Regents also made changes to how they allocate $3.2 billion in state funds among the schools, but those changes weren't immediately clear. Officials not immediately provide a copy of the funding breakdown on which regents voted.

The University System of Georgia has a total yearly budget of $9 billion, including state money, tuition and fees and other revenue.
Pruitt called the overall tuition and budget package a “temporary fix for the year,” saying schools should have the flexibility to work with the system office to make the numbers work.

Last year, student costs fell 7.6% systemwide, as regents eliminated a fee charged on top of tuition.

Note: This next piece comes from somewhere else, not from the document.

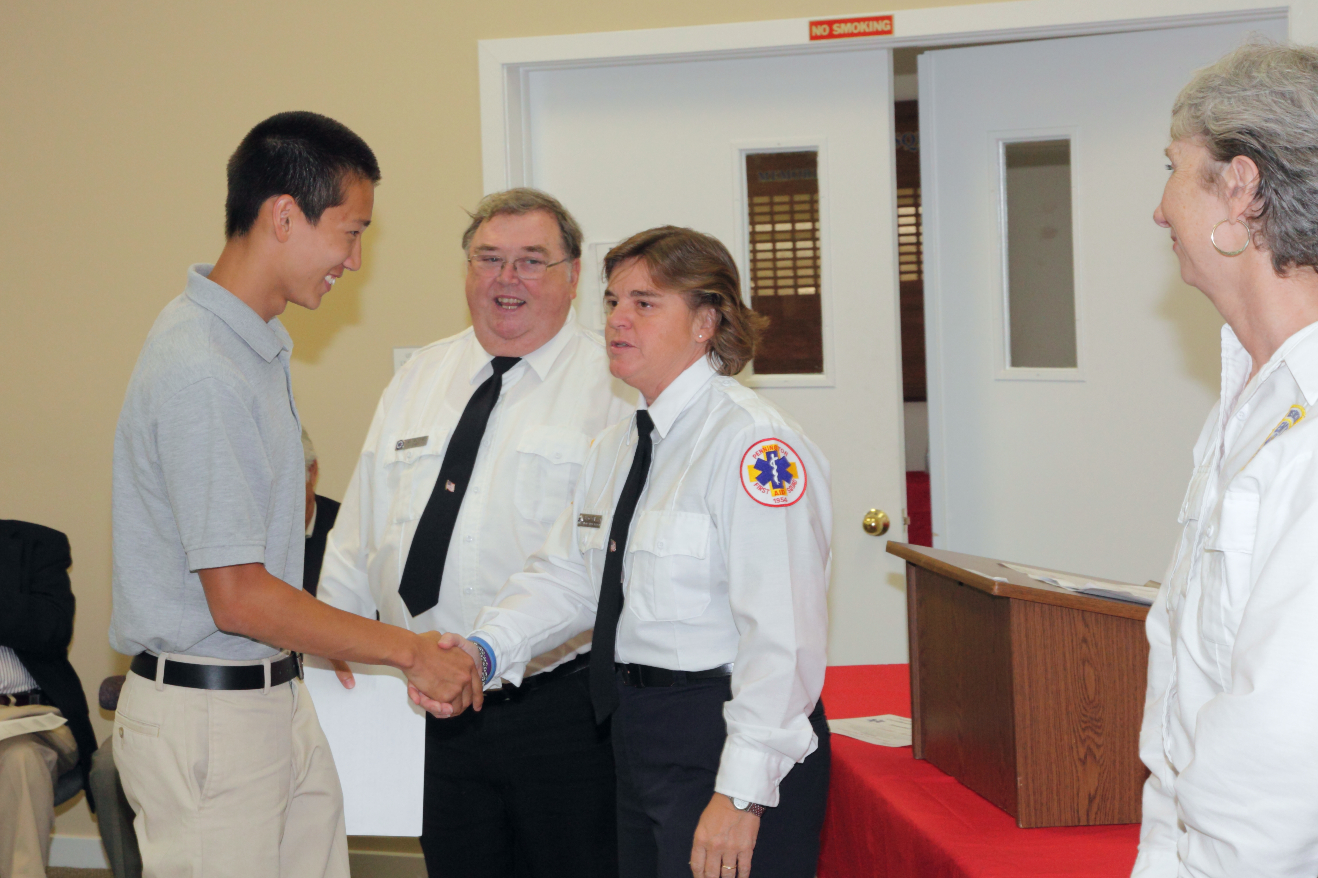 Summer EMT graduate Edward Zeng receives certificate from Dan Boone, Cindy Orlandi, and Julie Aberger
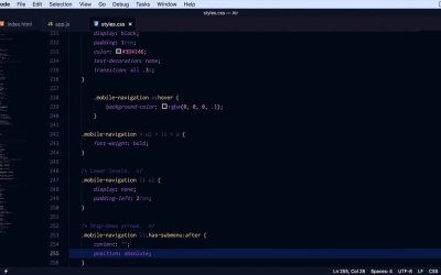Welcome to this 5th lesson of this short course. Now, is time to start working with more complex menus, like the ones with a lot of menu items, and the ones that have sub-menu. So, I prepared an example, here is the initial one that I showed you that has some menus. And what I did was basically duplicate this menu into a div_ class of mobile menu, which we'll use to create a simple off-canvas component. The idea is the following, on small screens Yeah, we have this menu button. When we click it, this menu that you see here is gonna slide in from the right side. Click it again, it's gonna slide back out. So, I already went ahead and added some styles for the mobile menu. And also, on our media query, just hiding the menu and showing the menu button. Let's begin by styling the mobile menu. We want it to be white; let's give it a padding of six rims on the top, zero on the sides, two REMs on the bottom. I'm gonna set this position to fix, I'm gonna give it a width of 20 REMs, set the top to zero, and set right to minus 100%. This will essentially move it off screen, by -100% which is it's width. And then, to hide it back out, I'm gonna add it to show it back or to slide it in. I'm gonna set a transition for the right property .3 seconds, set a z-index. I want to make the mobile menu appear on top of everything else, at a height of 100%, and then let's add the visible class. So mobile menu visible, I'm simply gonna set a right to zero, let's give it a go, There it is. Now, because we set a position to fixed and a height to 100%, it may be possible depending on the content that we don't see all of it. All of the content inside that menu, so a simple way to fix that is to add an overflow, to scroll. That will essentially add a scroll bar inside the menu, allowing us to scroll inside independently from the page. Now, let's add the styles for the mobile navigation. And the mobile navigation is simply the class that I added for the actual cloned navigation. So, we're gonna say mobile navigation a, we're gonna set it to display block. Remember, we have to treat this a little bit differently now, because we have submenus, and that we're gonna have to slide in and out, we're gonna set a color to 3D 41 and 46. A text decoration to none to get rid of the underline, and let's add a transition for all properties .3 seconds. These are just tiny details. The actual pattern we've already created. It's the slide-in off canvas. But, we might as well style this properly. Let's add a hover state to the A, so A hover, let's add a background color, very very light gray. Like this, and then, let's put a stronger emphasis on the first level menu items. To do that, were gonna say mobile-navigation immediate children you u l l i a, font weight, bold, so this will bold only The first level menu items. The rest are basically sub menus. Let's go ahead and hide those sub menus. So here, we're gonna say lower levels. And we're gonna say, [COUGH] Mobile Navigation liul. That's the structure that we have here. Each sub is a ul inside a list item. So that's what we're targeting here. Simply set a display to none, and also a padding left of tour end. Just so, it's pushed to the side a little bit. We can also add some drop-down arrows. And that's actually really simple to do with CSS. We're gonna say Mobile Navigation liul, with a class of has submenu, we'll create an after pseudo elements. We're gonna set the content to none, position, absolute. This is an element that we're gonna position absolutely inside each list item. And that actually reminds me that we need to set Mobile Navigation l i. Position relative, otherwise position absolute will just position that element according to the body, instead of the list item, which is not what we want. Let's set a top to 1.6 REMs, and a width and height to zero. This is really important, setting the width and the height to zero, because we're gonna create these arrows using borders, okay? So Im gonna say, right one rent, positioned on the side,.and then to create an arrow pointing down. We're gonna set a border left and right to five pixels, solid transparent. And then the border top, which is the opposite of the direction we want the arrow to point to, same value, five pixels solid. But here, we can specify the color that we want. In my case, 25% black should work just fine. And that basically, adds drop down arrows. And if we click those menu items, you can see that they now toggle, the correct submenus. So, how is this possible? Well, I kinda cheated on this a little bit, and I went ahead and wrote the JavaScript. So, let's go with line by line. When I click the menu button, which is this, what I'm doing is basically, toggling the class of visible on a mobile menu. And then toggling the class of visible on the dark overlay element that we haven't styled yet. But, bear with me on this for a little bit. Then, when I click one of these element that has a submenu, what I'm doing is that I'm getting the anchor type that was clicked. I'm finding the parents and I'm tangling the class of opened. And the class of opened will simply allow us to style this arrow. And then I'm finding the sibling list, and I'm just doing slideToggle. The sibling list is this one basically, so when I click on How-To Tutorials. And basically slide toggling this ul right here, which contains the submenu. So, couple of finishing touches here, let's style that opened class, that's actually very simple to do. So list item has submenu, opened after and all I'm gonna do here is simply set a border bottom. To display the color and set a border-top to none. And by doing that I'm essentially inverting the arrow, just like you can see here. Now, the overlay that I was talking about will be set on the main page basically, highlighting this menu. So let's go ahead and style that quickly, dark overlay. I'm just gonna fast forward here a little bit, because it's essentially the same style that we use on the full screen na

Regents have generally held tuition flat for four straight years, including six years out of the past eight. Georgia’s typical tuition and fees are lower than all but three states in the 16-state region covered by the Southern Regional Education Board.
Macon-based Middle Georgia State University will boost tuition and fees to $5,332 next year from $4,762 this year as part of a three-year plan by the school to boost tuition. Georgia College and State University, the University of West Georgia and Abraham Baldwin Agricultural College are raising mandatory fees by small amounts.

Costs to rent dormitory rooms or buy meal plans will rise systemwide by 4% on average.
Although many Georgia students receive other types of financial aid, more than 40% now borrow to pay for college with some student borrowing more than $6,000 on average.

Students who receive Georgia’s lottery-funded HOPE scholarships will get a boost next fall after lawmakers ordered the Georgia Student Finance Commission to cover full tuition for recipients who graduate high school with a B average and maintain that average in college. That was the original aim of the program, but the state has only been paying 100% for Zell Miller Scholars who earn higher grades and meet a minimum standardized test score. Others received 90% this year. HOPE Scholarships do not cover fees. Regents had delayed setting tuition in April, saying they needed more time to assess cuts.

State senators, who insisted on the $66 million cut, said universities should cover the shortfall with some of their roughly $500 million in cash on hand.
University System Chancellor Sonny Perdue said 82% of the cash on hand is held at only six institutions and much is already earmarked.
The cut was related to a push by Lt. Governor Burt Jones to allow hospitals to be built in rural counties, including his home of Butts County, without state permits. That push was opposed by Marietta-based Wellstar Health System, which owns a hospital in Butts County that would face competition.
Wellstar is also taking over Augusta University's hospitals, and Jones attacked that deal and the university system in an attempt to pressure Wellstar.